Figure 10: FID and validation NLL throughout training on ImageNet $64 \times 64$ for different model sizes. The constant for the FID trend line was approximated using the FID of in-distribution data. For the NLL trend line, the constant was approximated by rounding down the current state-of-the-art NLL ([22]) on this dataset. ::::

7. Related Work

Section Summary: Recent studies like [7] and [8] have applied diffusion probabilistic models, or DDPMs, to generate high-quality audio from visual sound representations called mel-spectrograms, with [7] improving the process to use fewer steps while maintaining quality, though their strong input guidance makes it simpler than the unconditional image generation in this work. Another paper, [6], tested score matching techniques for images and found that advanced network designs eliminated the need for extra adversarial training to get good results. Works such as [13] and [30], developed alongside this one, speed up sampling in DDPMs through alternative noise-handling methods that reduce steps but often require additional tweaks like tuned corrections for optimal output, while [36] explores energy-based models for the reverse diffusion process, potentially allowing even fewer steps for strong samples.

[7] and [8] are two recent works that use DDPMs to produce high fidelity audio conditioned on mel-spectrograms.

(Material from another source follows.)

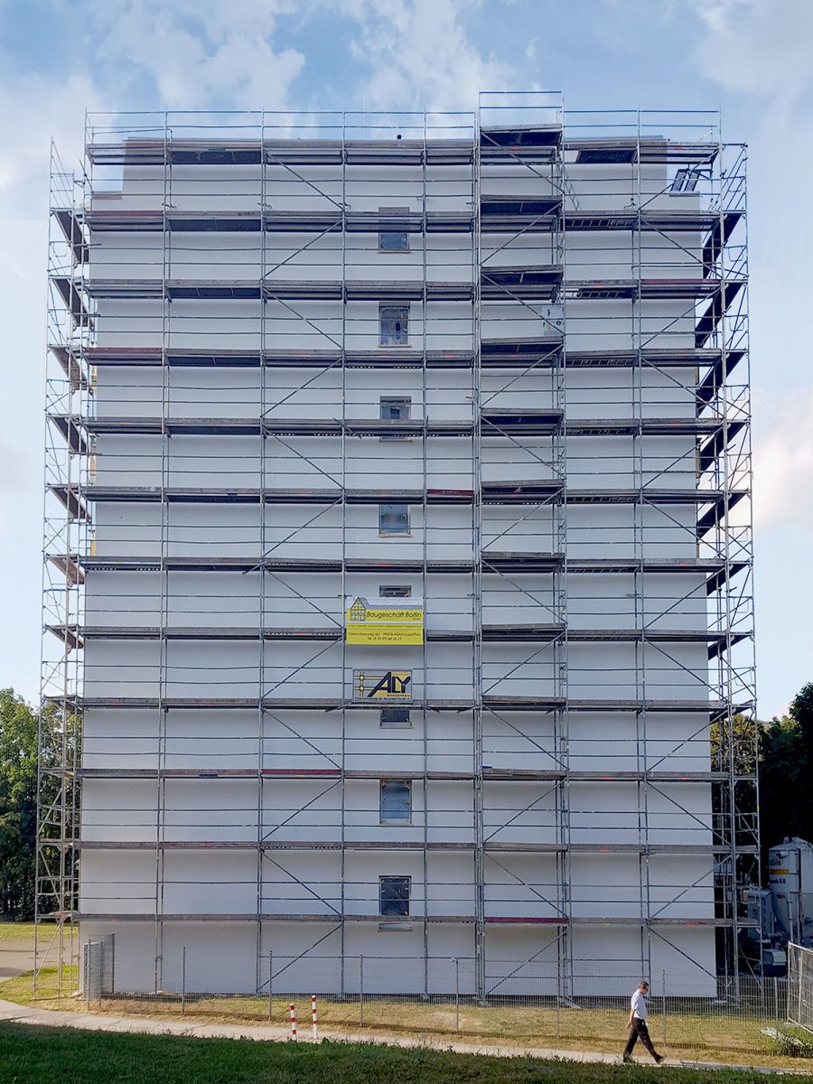 Einrüsten der Fassade sowie Vorbehandlung und Grundierung.

Concurrent to our work, [7] use a combination of improved schedule and $L_1$ loss to allow sampling with fewer steps with very little reduction in sample quality. However, compared to our unconditional image generation task, their generative task has a strong input conditioning signal provided by the mel-spectrograms, and we hypothesize that this makes it easier to sample with fewer diffusion steps.

[6] explored score matching in the image domain, and constructed an adversarial training objective to produce better $x_0$ predictions. However, they found that choosing a better network architecture removed the need for this adversarial objective, suggesting that the adversarial objective is not necessary for powerful generative modeling.

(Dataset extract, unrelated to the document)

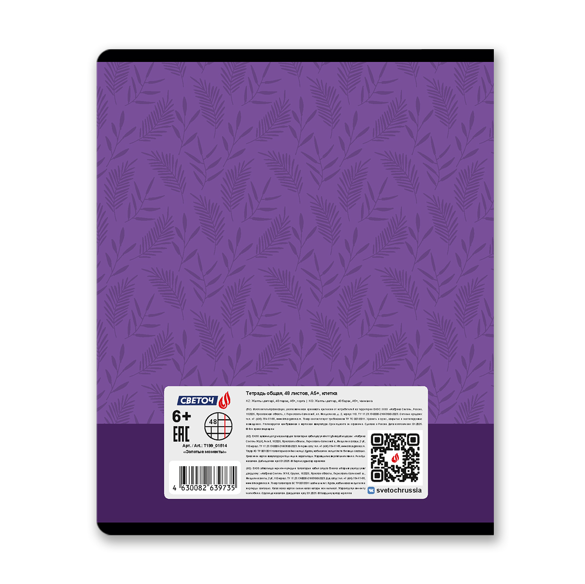 Тетрадь ученическая общая, тиснение золотой фольгой, A5 48 л. на скобе 65 г/м², белизна 100% 10 шт клетка, 01514 Золотые моменты, Светоч Т199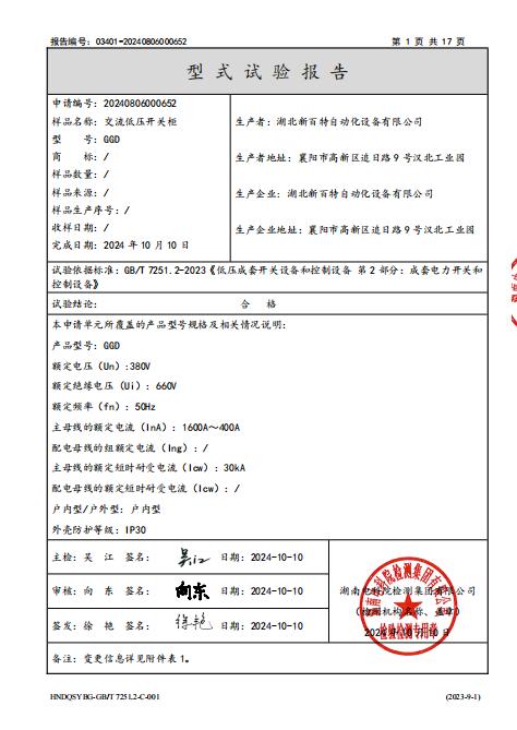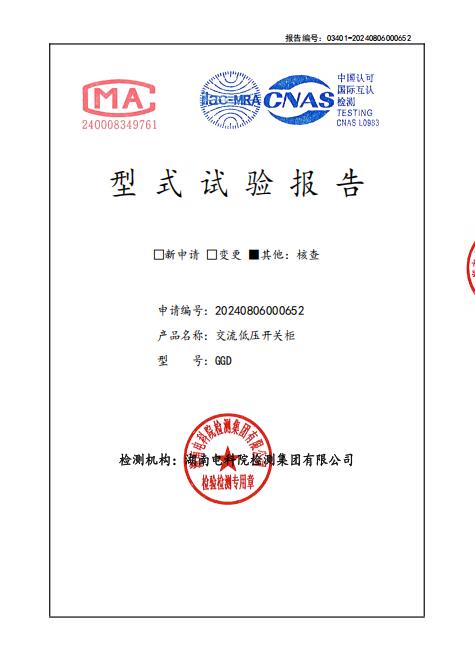 低壓開(kāi)關(guān)柜GGD型式試驗(yàn)報(bào)告

Parallel to our work, [13] and [30] propose fast sampling algorithms for models trained with the DDPM objective by leveraging different sampling processes. [13] does this by deriving an implicit generative model that has the same marginal noise distributions as DDPMs while deterministically mapping noise to images. [30] model the diffusion process as the discretization of a continuous SDE, and observe that there exists an ODE that corresponds to sampling from the reverse SDE. By varying the numerical precision of an ODE solver, they can sample with fewer function evaluations. However, they note that this technique obtains worse samples than ancestral sampling when used directly, and only achieves better FID when combined with Langevin corrector steps. This in turn requires hand-tuning of a signal-to-noise ratio for the Langevin steps. Our method allows fast sampling directly from the ancestral process, which removes the need for extra hyperparameters.

Also in parallel, [36] develops a diffusion model with reverse diffusion steps modeled by an energy-based model. A potential implication of this approach is that fewer diffusion steps should be needed to achieve good samples.

8. Conclusion

Section Summary: Researchers have modified Denoising Diffusion Probabilistic Models (DDPMs) to sample data much faster while improving their log-likelihood scores—essentially how well they capture the true distribution of data—with minimal loss in the quality of generated samples. These changes, including a new way to learn data variability and a hybrid training goal, bring DDPMs closer to other probability-based models and surprisingly allow sampling in far fewer steps. Overall, DDPMs now rival GANs in sample quality but cover more diverse outputs, scale well with more training resources for even better results, making them a strong and efficient option for generative tasks with promising potential for future development.

We have shown that, with a few modifications, DDPMs can sample much faster and achieve better log-likelihoods with little impact on sample quality. The likelihood is improved by learning $\Sigma_{\theta}$ using our parameterization and $L_{\text{hybrid}}$ objective. This brings the likelihood of these models much closer to other likelihood-based models. We surprisingly discover that this change also allows sampling from these models with many fewer steps.

We have also found that DDPMs can match the sample quality of GANs while achieving much better mode coverage as measured by recall. Furthermore, we have investigated how DDPMs scale with the amount of available training compute, and found that more training compute trivially leads to better sample quality and log-likelihood.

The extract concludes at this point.